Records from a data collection
● ● ● ● ●
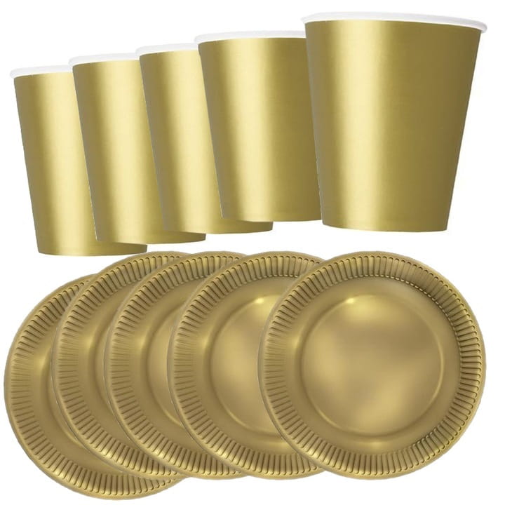 Zestaw Urodzinowy złoty Kubeczki Talerzyki 16szt
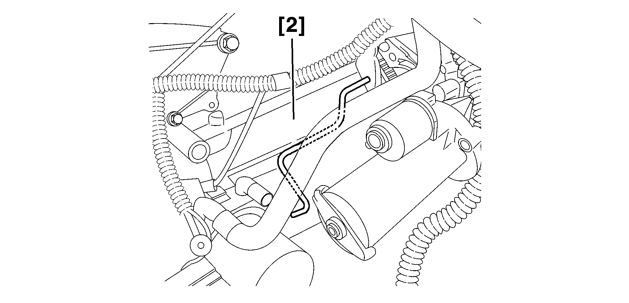 Peg the flywheel using the rod [2] (Without removing the starter motor) .
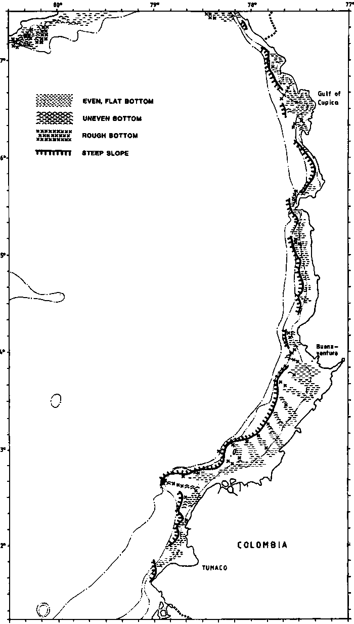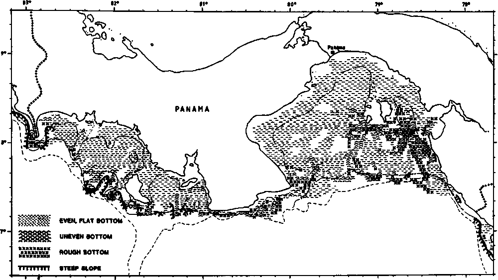 Figure 2.3.1 shows the data on bottom character deriving from plots along the course lines and some interpolation. The Colombian shelf is narrow, on average abt. 20 nm, but with wider parts from about Pta. Guascama to Buenaventura and in the Gulf of Cupica. In the south rough bottom prevails in the outer parts of the shelf and the slope is generally very steep. Larger areas of smooth bottom is found in and off the Gulf of Cupica. The major parts of the wide Panaman shelf is smooth and even, but some stretches of uneven and rough ground is found south of the Pearl Islands, in the southeastern part of the Gulf of Panama and west of Coiba Island. Also the Costa Rican shelf has generally smooth and even bottom, but with some rough parts off Pta. Judas and Cabo Blanco. Off Nicaragua most of the shelf is trawlable, but the slope is very steep in some parts especially in the south and in the narrow canyon leading towards the Gulf of Fonseca. A similar description can be made for El Salvadors shelf, but conditions along the slope are somewhat more difficult, with more very steep and rough bottoms, unsuitable for trawling. Most of the Guatemalan shelf has smooth even bottom, except for some of the deeper offshore parts off Champerico. The shelf in the Gulf of Tehuantepec is very wide, 40-70 nm, with an outer part, about 1/3 of the total forming a platform with depths down to 300 m. Most of this wide shelf is even and smooth, but with some steep parts offshore in the southeast and northwest.
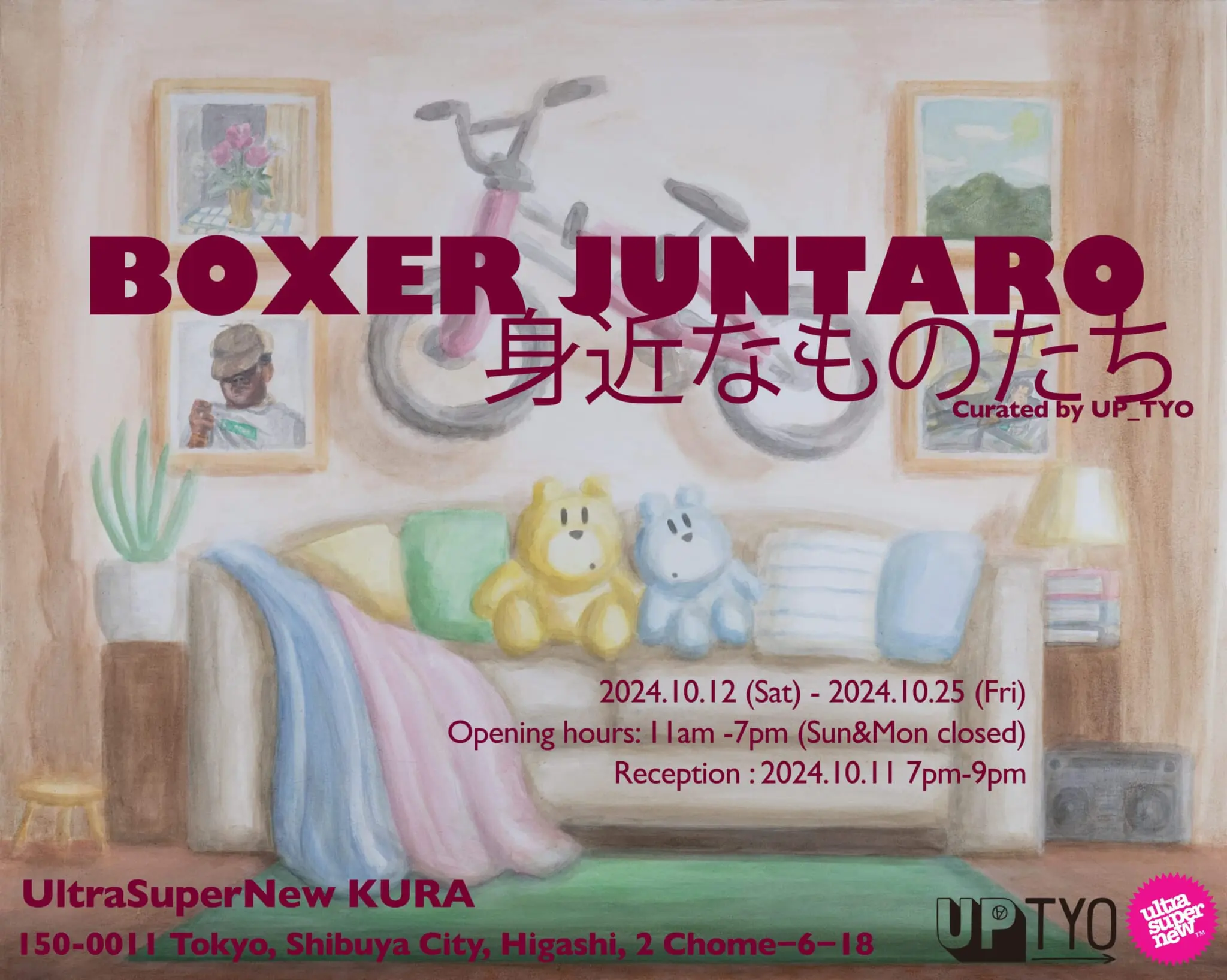 In this exhibition, held at the new gallery space of Ultra Super New Shibuya, Boxer Juntaro expresses the various emotions and energies latent in ordinary moments of daily life. The exhibit also explores the meaning of abundance that extends into the home and everyday spaces, offering viewers a new perspective. Soft brush strokes and mixed media techniques create a sense of familiarity and a unique depth of texture.
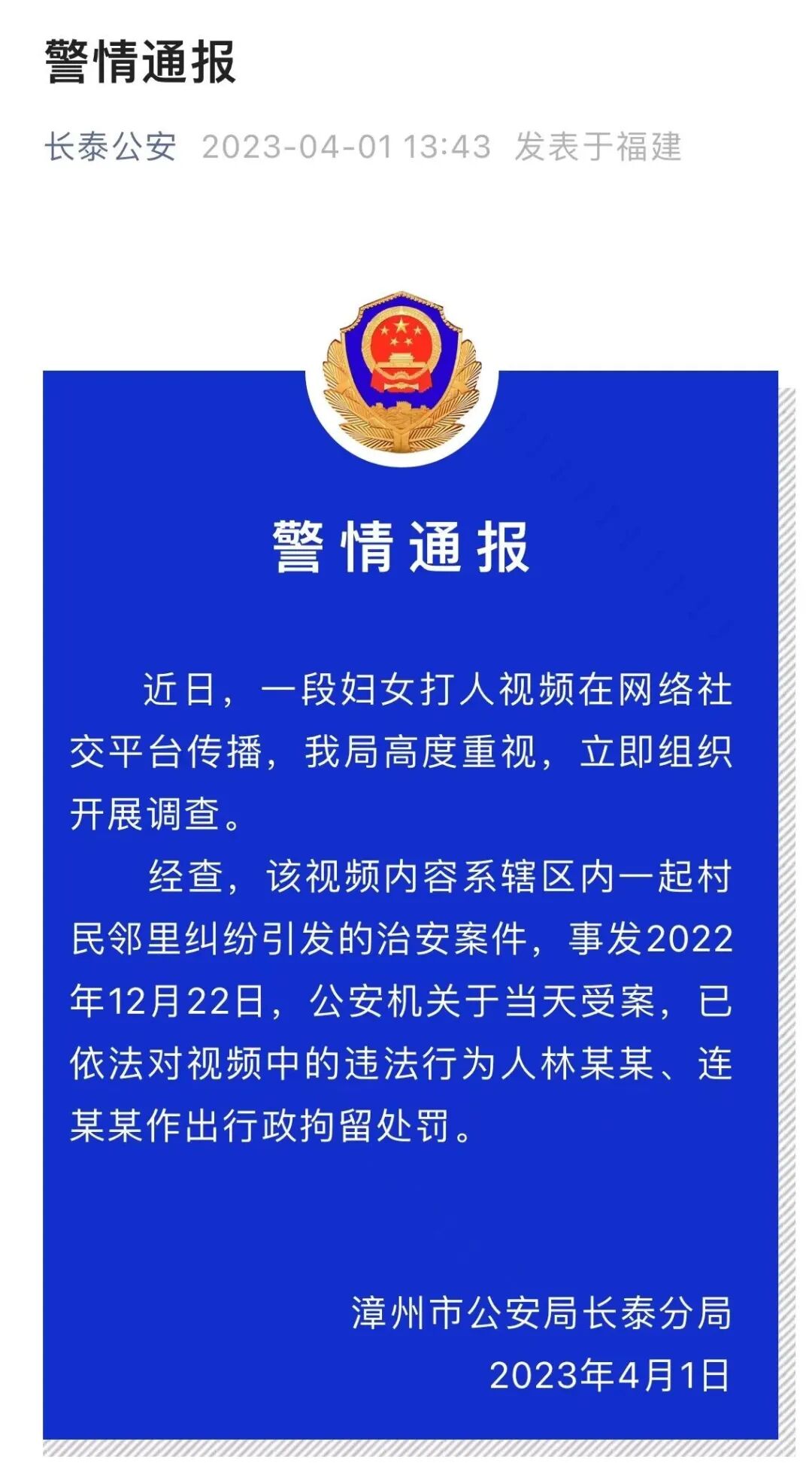经查,该视频内容系辖区内一起村民邻里纠纷引发的治安案件,事发2022年12月22日,公安机关于当天受案,已依法对视频中的违法行为人林某某、连某某作出行政拘留处罚。
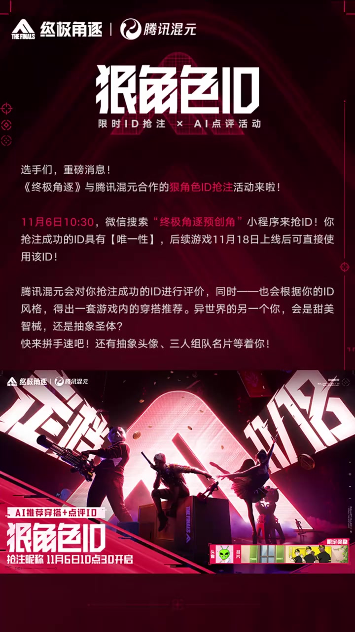 由虚幻引擎打造的全场景破坏秀场,搭配极致美术打造视听盛宴,静候各位选手,大展身手!3天后,你第一个想用的选手体型是谁?快来和角宝分享吧!#thefinals国服 #终极角逐上场即炸场 #终极角逐定档11月18日
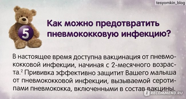 - Если нет возможности провести профилактику пневмококка до 6 месяцев, тогда прививка делается, когда ребенку исполняется больше 6 месяцев. В таком случае она делается по такой схеме: 2 плюс 1. 1-ая и 2-ая доза осуществляется с разницей 1 месяц, 3-я после одного годика. В основном, 3-я делается, когда ребенку исполняется 12 месяцев.
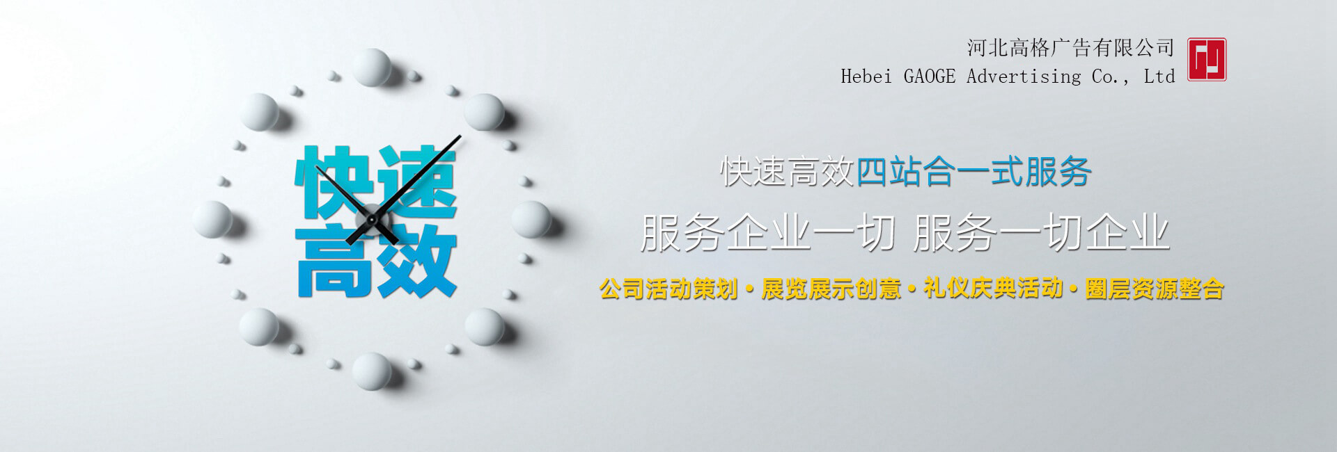 河北高格廣告有限公司是一家專業(yè)致力于大型文化活動組織策劃、展覽展示工程策劃、展臺設計制作、特裝展臺搭建、會議會場布置、巡回展覽、路演、公關(guān)推廣執(zhí)行、會議慶典禮儀、路演設備租賃、倉儲等一站式的專業(yè)服務公司。本公司憑借創(chuàng)新領(lǐng)先的服務理念,大型的廠房空間,現(xiàn)代化的機械設備,高素質(zhì)專業(yè)的服務團隊,及在該行業(yè)多年的實戰(zhàn)經(jīng)驗,為地產(chǎn)營銷提供了優(yōu)秀的活動方案、為不同行業(yè)的數(shù)千家企業(yè)提供了專業(yè)個性化的空間展示方案,幫助客戶實現(xiàn)了自我品牌的提升和企業(yè)利潤的雙贏。...
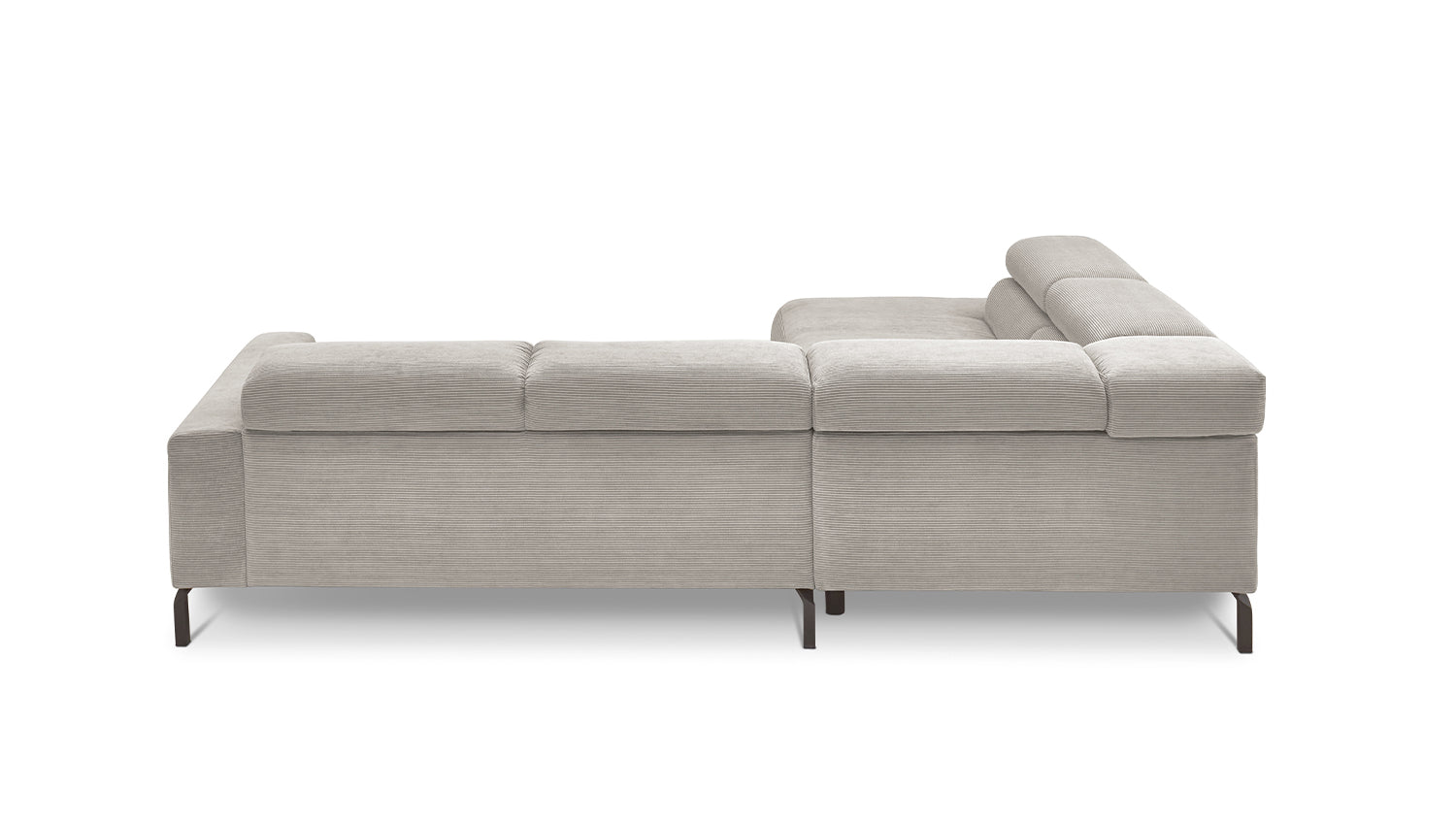 Descubra el exclusivo sofá esquinero DELIA de KAWOLA, una auténtica obra maestra en cuanto a diseño y confort. El tapizado integral en delicada Pana fina le da a este sofá un toque lujoso y crea un ambiente acogedor. Disfrute de un lujo ergonómico con el respaldo de espuma moldeada y el asiento con muelles ondulados y espuma PUR de alta calidad para un confort óptimo. La tapicería del asiento, de firmeza media, ofrece el equilibrio perfecto entre apoyo y comodidad, mientras que la innovadora función de ajuste del reposacabezas permite inclinarlo o elevarlo individualmente. Perfecto para relajarse leyendo o viendo películas. El sofá esquinero DELIA combina funcionalidad y estilo al más alto nivel. Este sofá no sólo atrae las miradas, sino que también es un lugar para relajarse. Sumérjase en el encanto único de DELIA, el sofá esquinero para entendidos exigentes. Se entrega sin cojines ni decoración.
● ● ● ● ●
Exercise details =
Print the records again exactly. Skip every picture.

Output for this exercise =
 Zestaw Urodzinowy złoty Kubeczki Talerzyki 16szt
 Peg the flywheel using the rod [2] (Without removing the starter motor) .
 Figure 2.3.1 shows the data on bottom character deriving from plots along the course lines and some interpolation. The Colombian shelf is narrow, on average abt. 20 nm, but with wider parts from about Pta. Guascama to Buenaventura and in the Gulf of Cupica. In the south rough bottom prevails in the outer parts of the shelf and the slope is generally very steep. Larger areas of smooth bottom is found in and off the Gulf of Cupica. The major parts of the wide Panaman shelf is smooth and even, but some stretches of uneven and rough ground is found south of the Pearl Islands, in the southeastern part of the Gulf of Panama and west of Coiba Island. Also the Costa Rican shelf has generally smooth and even bottom, but with some rough parts off Pta. Judas and Cabo Blanco. Off Nicaragua most of the shelf is trawlable, but the slope is very steep in some parts especially in the south and in the narrow canyon leading towards the Gulf of Fonseca. A similar description can be made for El Salvadors shelf, but conditions along the slope are somewhat more difficult, with more very steep and rough bottoms, unsuitable for trawling. Most of the Guatemalan shelf has smooth even bottom, except for some of the deeper offshore parts off Champerico. The shelf in the Gulf of Tehuantepec is very wide, 40-70 nm, with an outer part, about 1/3 of the total forming a platform with depths down to 300 m. Most of this wide shelf is even and smooth, but with some steep parts offshore in the southeast and northwest.
 In this exhibition, held at the new gallery space of Ultra Super New Shibuya, Boxer Juntaro expresses the various emotions and energies latent in ordinary moments of daily life. The exhibit also explores the meaning of abundance that extends into the home and everyday spaces, offering viewers a new perspective. Soft brush strokes and mixed media techniques create a sense of familiarity and a unique depth of texture.
经查,该视频内容系辖区内一起村民邻里纠纷引发的治安案件,事发2022年12月22日,公安机关于当天受案,已依法对视频中的违法行为人林某某、连某某作出行政拘留处罚。
 由虚幻引擎打造的全场景破坏秀场,搭配极致美术打造视听盛宴,静候各位选手,大展身手!3天后,你第一个想用的选手体型是谁?快来和角宝分享吧!#thefinals国服 #终极角逐上场即炸场 #终极角逐定档11月18日
 - Если нет возможности провести профилактику пневмококка до 6 месяцев, тогда прививка делается, когда ребенку исполняется больше 6 месяцев. В таком случае она делается по такой схеме: 2 плюс 1. 1-ая и 2-ая доза осуществляется с разницей 1 месяц, 3-я после одного годика. В основном, 3-я делается, когда ребенку исполняется 12 месяцев.
 河北高格廣告有限公司是一家專業(yè)致力于大型文化活動組織策劃、展覽展示工程策劃、展臺設計制作、特裝展臺搭建、會議會場布置、巡回展覽、路演、公關(guān)推廣執(zhí)行、會議慶典禮儀、路演設備租賃、倉儲等一站式的專業(yè)服務公司。本公司憑借創(chuàng)新領(lǐng)先的服務理念,大型的廠房空間,現(xiàn)代化的機械設備,高素質(zhì)專業(yè)的服務團隊,及在該行業(yè)多年的實戰(zhàn)經(jīng)驗,為地產(chǎn)營銷提供了優(yōu)秀的活動方案、為不同行業(yè)的數(shù)千家企業(yè)提供了專業(yè)個性化的空間展示方案,幫助客戶實現(xiàn)了自我品牌的提升和企業(yè)利潤的雙贏。...
 Descubra el exclusivo sofá esquinero DELIA de KAWOLA, una auténtica obra maestra en cuanto a diseño y confort. El tapizado integral en delicada Pana fina le da a este sofá un toque lujoso y crea un ambiente acogedor. Disfrute de un lujo ergonómico con el respaldo de espuma moldeada y el asiento con muelles ondulados y espuma PUR de alta calidad para un confort óptimo. La tapicería del asiento, de firmeza media, ofrece el equilibrio perfecto entre apoyo y comodidad, mientras que la innovadora función de ajuste del reposacabezas permite inclinarlo o elevarlo individualmente. Perfecto para relajarse leyendo o viendo películas. El sofá esquinero DELIA combina funcionalidad y estilo al más alto nivel. Este sofá no sólo atrae las miradas, sino que también es un lugar para relajarse. Sumérjase en el encanto único de DELIA, el sofá esquinero para entendidos exigentes. Se entrega sin cojines ni decoración.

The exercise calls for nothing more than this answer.